识别

2014-01-09 68 views
0

我花了相当长的一段时间处理有N组的边界如下:识别

假设你有ň与多个记录每一个记录都有独特startingending点组的数目。

换句话说:

ID|GroupName|StartingPoint|EndingPoint|seq(row_number)|desired_seq 
__|_________|_____________|___________|_______________|____________ 
1 | Grp1 |2014-01-06 |2014-01-07 |1    |1 
__|_________|_____________|___________|_______________|____________ 
2 | Grp1 |2014-01-07 | 2014-01-08|2    |2 
__|_________|_____________|___________|_______________|____________ 
3 | Grp2 |2014-01-08 | 2014-01-09|1    |1 
__|_________|_____________|___________|_______________|____________ 
4 | Grp1 |2014-01-09 | 2014-01-10|3    |1 
__|_________|_____________|___________|_______________|____________ 
5 | Grp2 |2014-01-10 | 2014-01-11|2    |1 
__|_________|_____________|___________|_______________|____________ 

正如你所看到的,starting point每一个连续的记录是相同以前的ending point

基本上,我想根据日期为每个组获得minimumS and maximumS。一旦出现带有新组名称的记录,则将其视为新组并重置排序。

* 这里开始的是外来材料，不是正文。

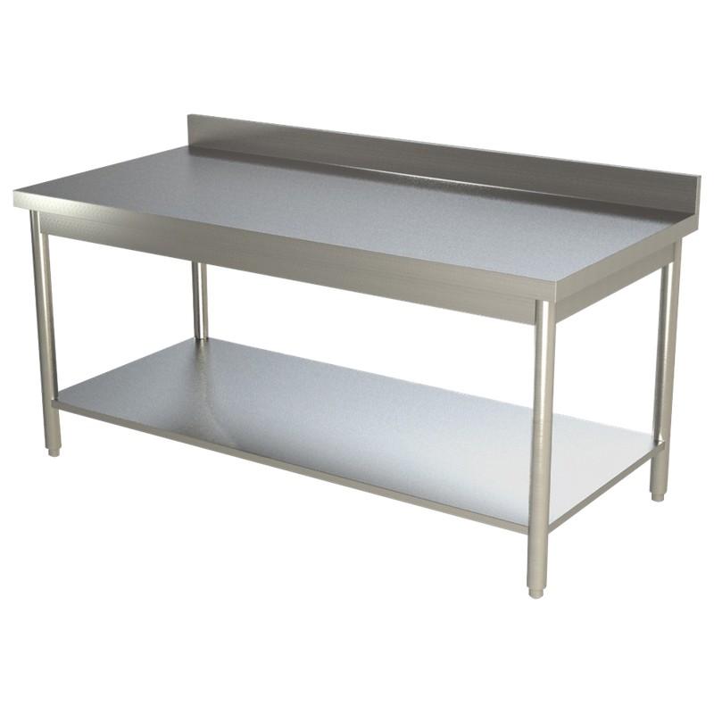 7333.0114 - Table de travail pro inox avec étagère et dosseret démontable Dimensions (LxPxH) (mm) : 1800x700x850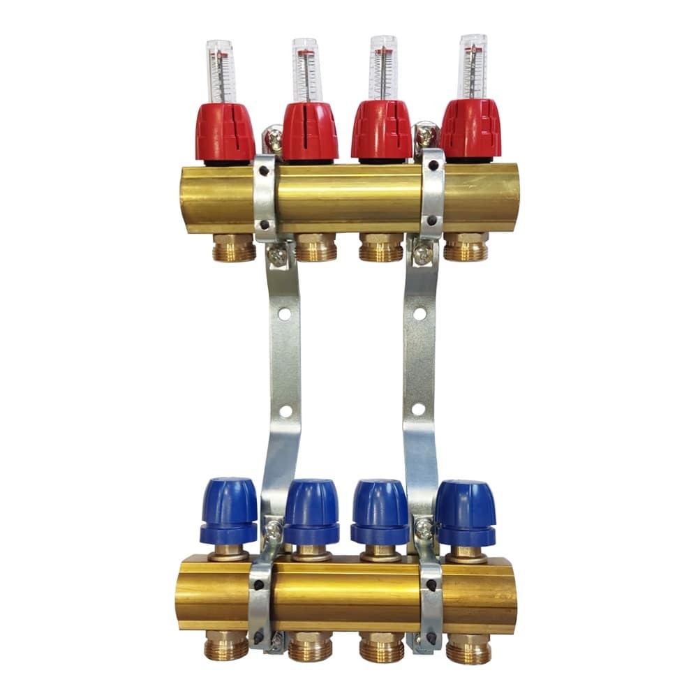 Коллектор Capricorn Optimum 1 для тёплого пола 4 выхода (латунь), предназначенный для распределения и управления параметрами теплоносителя в системе теплых полов.
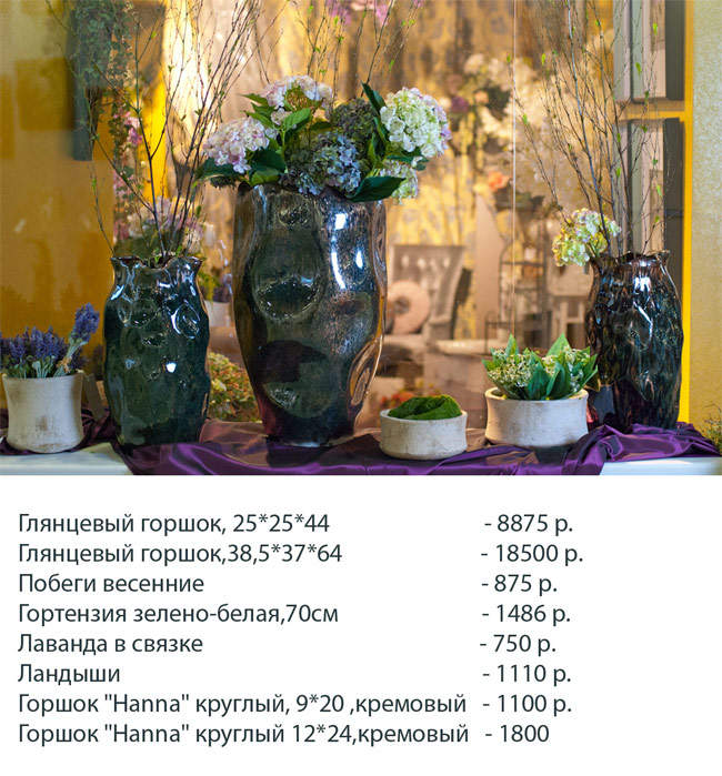 - Ассортиментом изделий из керамики (вазоны, интерьерные и цветочные горшки, подсвечники) и из стекла ручной работы;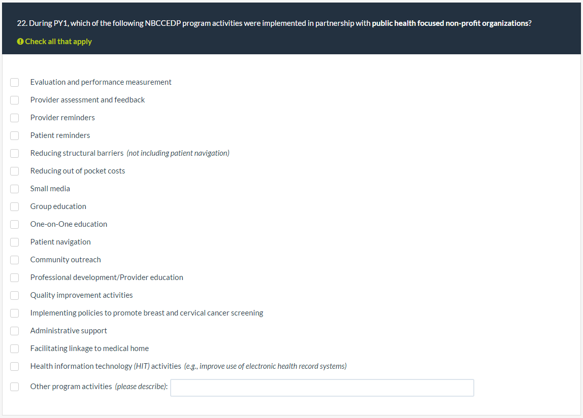 Attachment 6 – NBCCEDP Annual Grantee Survey (Screenshots) Page 3 of 3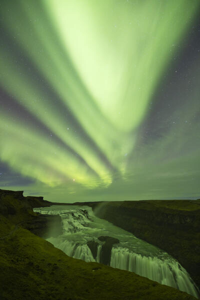 the Northern Lights over iconic Gullfoss waterfall during an autumn night, Iceland, Europe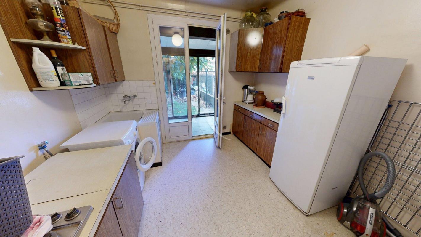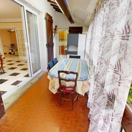La cuisine et le salon climatisé et avec insert donnant sur une agréable véranda de 11 m²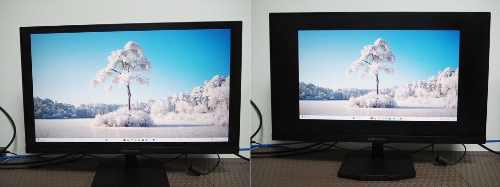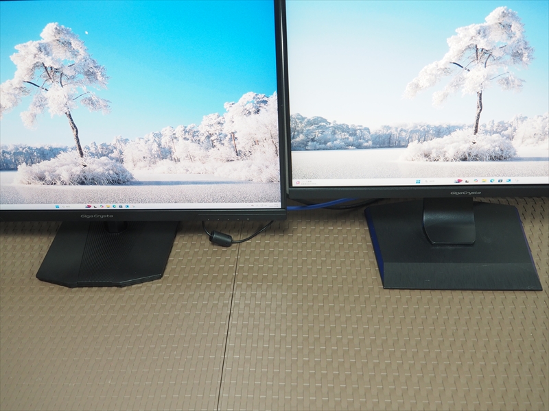 以下の画像は、左がレビュー対象のEX-GDQ271UA(27インチ・WQHD)で、右がEX-LDGC241UDB(23.8インチ・フルHD)となっている。両者を見比べれば、画面サイズの差が顕著であることがよくわかるはずだ。
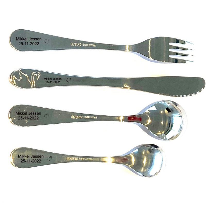 Enkelt og stilfuldt børnebestik med eventyr tegninger fra den grimme ælling. Eventyr bestik kan lasergraveres på bagsiden med din personlige tekst og den vil fremstå i let sort farve. Er gaven til dåb, er det typisk dåbsdatoen man indgravere. Bestikket består af 4 dele og er i rustfrit stål, som gør det kan tåle maskinopvask. Her kan alle vores skrifttyper anvendes og ca 25 tegn pr del. Ved kniv er der motiv på begge sider og graveringen vil stå lidt længere oppe på skaftet. Bagpå bestikket er der fortrykt firmastempel, som er en dansk lovgivning. Dette børnebestik leveres i fin æske, så er det lige til at give som gave.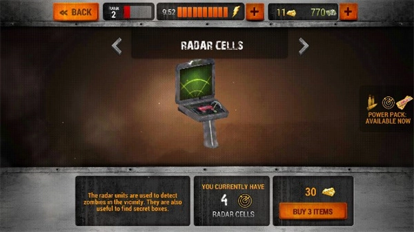 7、除了武器之外,还会有一些辅助道具供玩家购买,比如僵尸探测器等等,这些都需要金钱才能购买,所以玩家一定要尽可能的多赚一些钱。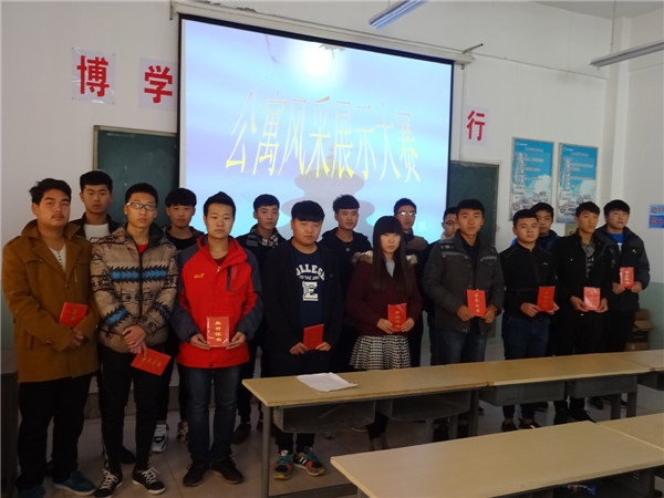 最終公示評選結果:一等獎的寢室為2-125、2-123、2-128、3-317;獲得二等獎的寢室為2-109、2-112、2-113、2-124、2-126;獲得三等獎的寢室為2-102、2-103、2-104、2-106、2-108、2-110、2-111。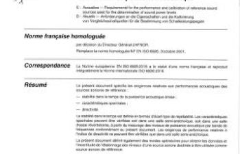 Norme NF EN ISO 6926. Acoustique. Prescriptions relatives aux performances et à l'étalonnage des sources sonores de référence pour la détermination des niveaux de puissance acoustique
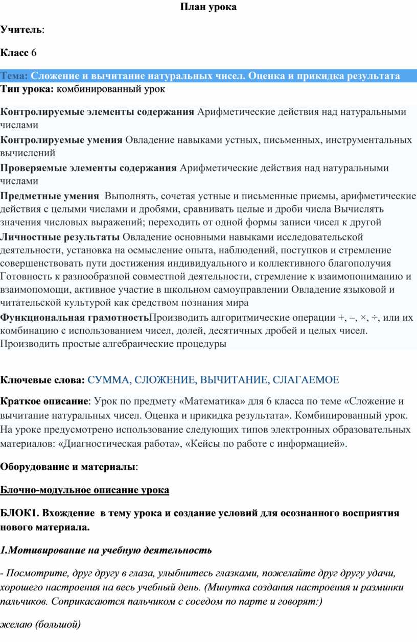 Краткое описание: Урок по предмету «Математика» для 6 класса по теме «Сложение и вычитание натуральных чисел. Оценка и прикидка результата». Комбинированный урок. На уроке предусмотрено использование следующих типов электронных образовательных материалов: «Диагностическая работа», «Кейсы по работе с информацией».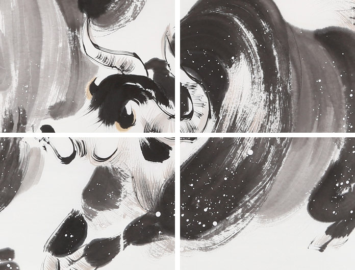 王文煜先生從小居住在甘南草原上,爬雪山、住帳篷,對(duì)青藏高原牦牛之習(xí)性、神態(tài)耳濡目睹,爛熟于胸,尤其對(duì)牦牛“俯首孺子而不逞強(qiáng);鞠躬盡瘁而不居功”的高尚品格和力大無(wú)窮,穩(wěn)步向前,足不踏空、形容無(wú)華,器宇軒昂的氣勢(shì)所感染,以大寫(xiě)意畫(huà)法專(zhuān)攻雪域牦牛,逐漸形成了描繪雪域牦牛風(fēng)馳電掣,飛蹄雷動(dòng)、氣勢(shì)雄強(qiáng),無(wú)堅(jiān)不摧的凌厲畫(huà)風(fēng)。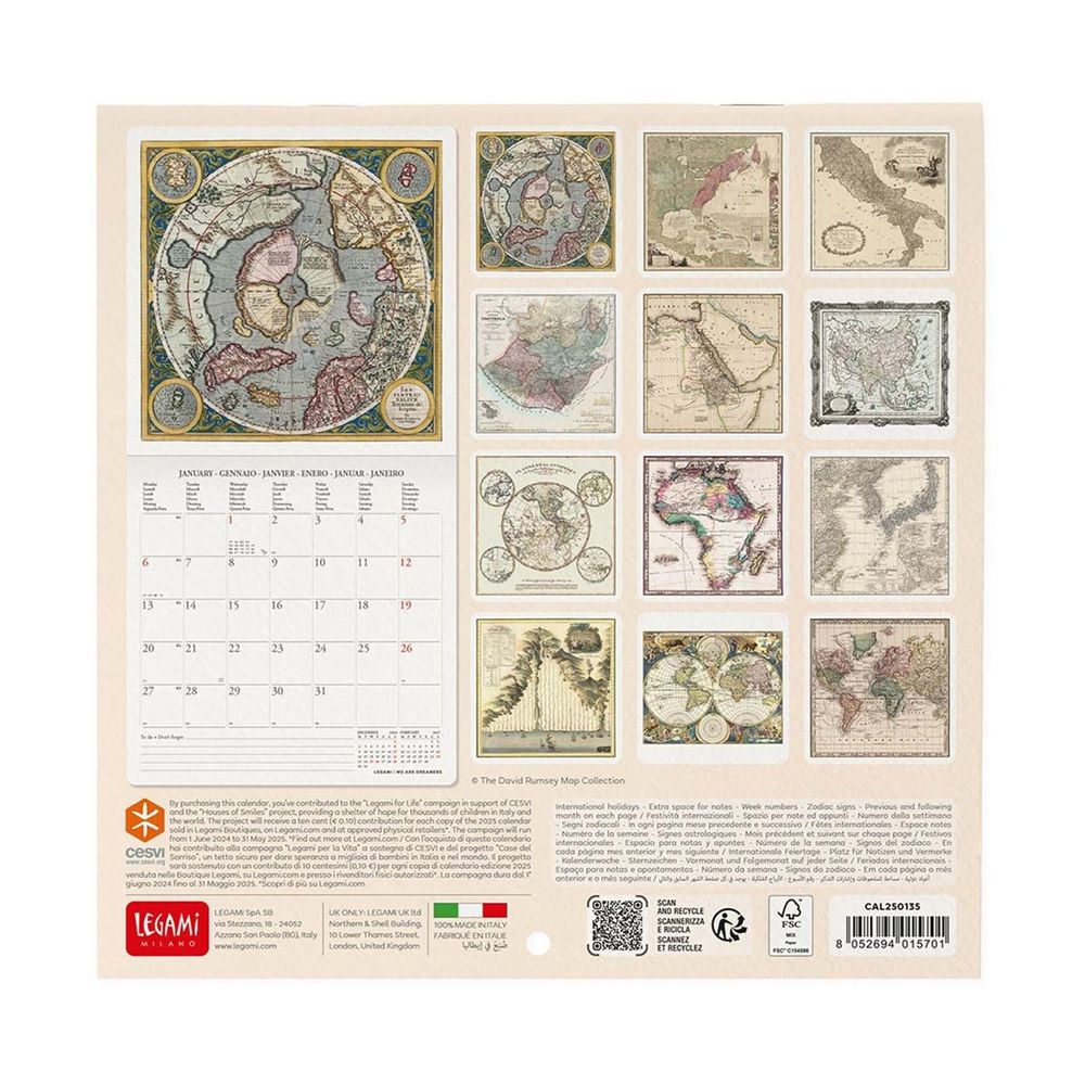 Legami Ημερολόγιο Τοίχου 2025 18x18cm Vintage Maps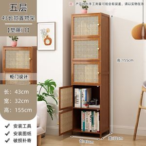 书柜带门置物架多层收纳夹缝储物柜客厅展示柜子书架靠墙电视边柜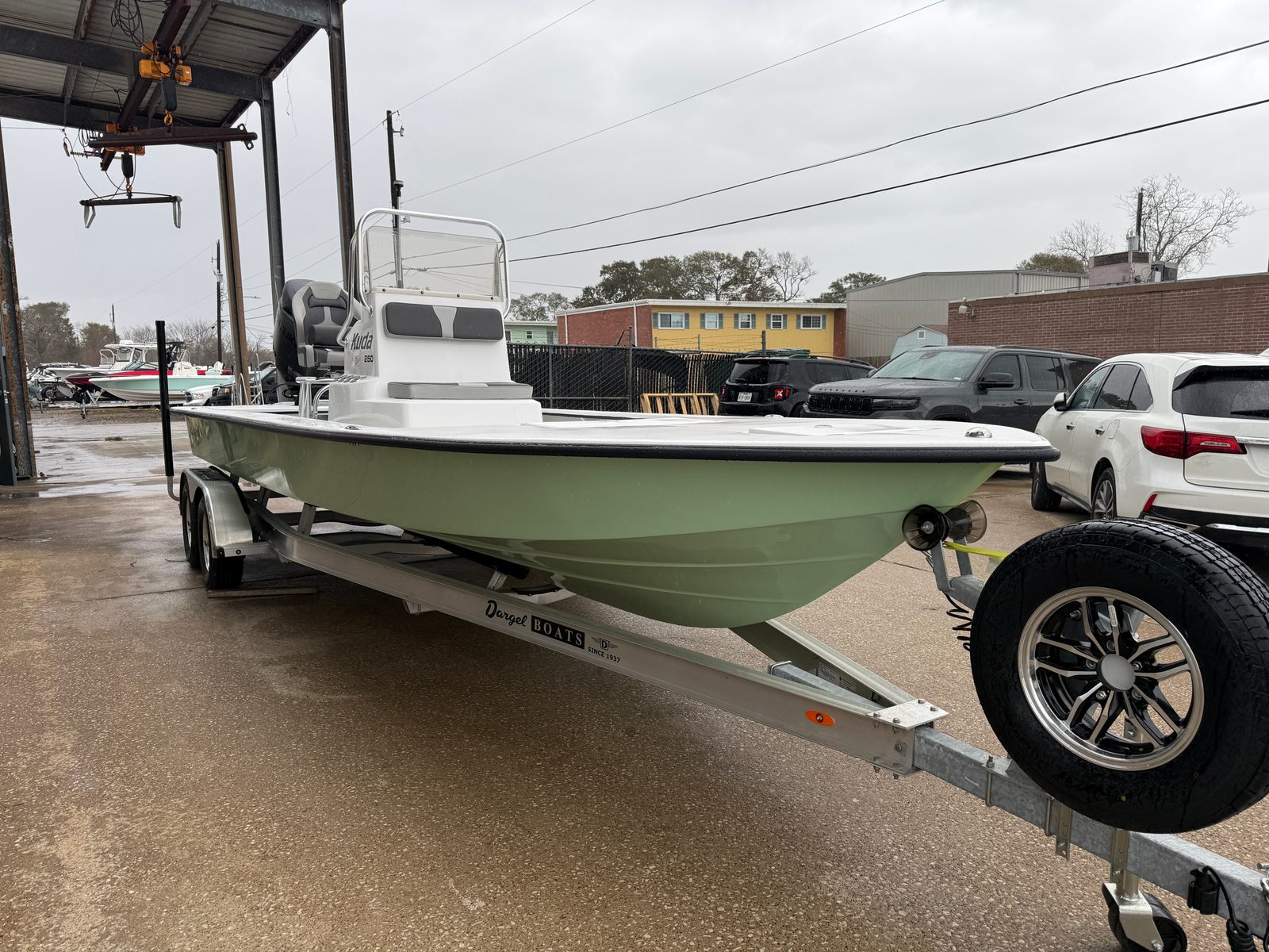 The Dargel Kuda 250 Center Console comes loaded with premium features that set it apart from the competition. The racing seat upgrade offers superior comfort and support, perfect for long days chasing the horizon or battling the big catch. Custom front cushions add a touch of luxury and relaxation, inviting you and your guests to unwind in style. The matte black upgrade and custom hull color not only enhance the boat’s visual appeal but also reflect a commitment to quality and attention to detail. Transporting your boat is a breeze with the included 250 Kuda trailer, designed for durability and ease of use. Every element, from the blinker jack plate switch to the upgraded shaft, is engineered to deliver a seamless and enjoyable boating experience.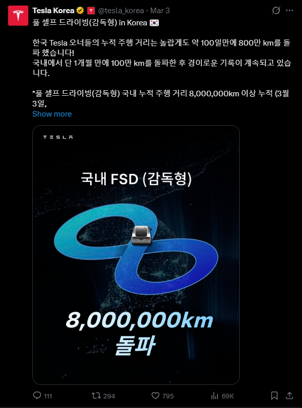 昨日,特斯拉韓國官方分享稱,FSD 下累計行駛里程在短短 100 天內就達到了驚人的 800 萬公里(截至3月3日,基於內部數據)。

row_number()功能不是此任务足以因为它不反映在组名称的变化。(我已经包含在采样数据一SEQ列表示由行数所产生的值)

期望结果根据样本数据:

1 Grp1 |2014-01-06 | 2014-01-08 
2 Grp2 |2014-01-08 | 2014-01-09 
3 Grp1 |2014-01-09 | 2014-01-10 
4 Grp2 |2014-01-10 | 2014-01-11 

我曾尝试:

;with cte as(
select * 
, row_number() over (partition by GroupName order by startingpoint) as seq 
from table1 
) 
select * 
into #temp2 
from cte t1 
left join cte t2 on t1.id=t2.id and t1.seq= t2.seq-1 

select * 
,(select startingPoint from #temp2 t2 where t1.id=t2.id and t2.seq= (select MIN(seq) from #temp2) as Oldest 
(select startingPoint from #temp2 t2 where t1.id=t2.id and t2.seq= (select MAX(seq) from #temp2) as MostRecent 
from #temp2 t1 
+0

从表格判断,似乎你可以使用'MIN'和'MAX',除非我失去了一些东西。 – Zane

回答

3

这是一个gaps-and-islands问题亚组。诀窍是按两个ROW_NUMBER()值之差进行分组,一个分区和一个未分区。

WITH t AS (
    SELECT 
    GroupName, 
    StartingPoint, 
    EndingPoint, 
    ROW_NUMBER() OVER(PARTITION BY GroupName ORDER BY StartingPoint) 
     - ROW_NUMBER() OVER(ORDER BY StartingPoint) AS SubGroupId 
    FROM #test 
) 
SELECT 
    ROW_NUMBER() OVER (ORDER BY MIN(StartingPoint)) AS SortOrderId, 
    GroupName          AS GroupName, 
    MIN(StartingPoint)        AS GroupStartingPoint, 
    MAX(EndingPoint)        AS GroupEndingPoint 
FROM t 
GROUP BY GroupName, SubGroupId 
ORDER BY SortOrderId 
0

不知道,但也许:

SELECT DISTINCT 
    GroupName, 
    MIN(StartingPoint) OVER (PARTITION BY GroupName ORDER BY Id), 
    MAX(EndingPoint) OVER (PARTITION BY GroupName ORDER BY Id) 
FROM table1 

因为partition不会导致会出现原本复制的行数项,这与distinct去除的减少。

0

这是所以用SQL Server 2012中的lag()功能要容易得多。我处理这些问题的方法是找到组的起始位置,为每行分配一个1或0的标志。然后累计总和1 s以获得新的组ID。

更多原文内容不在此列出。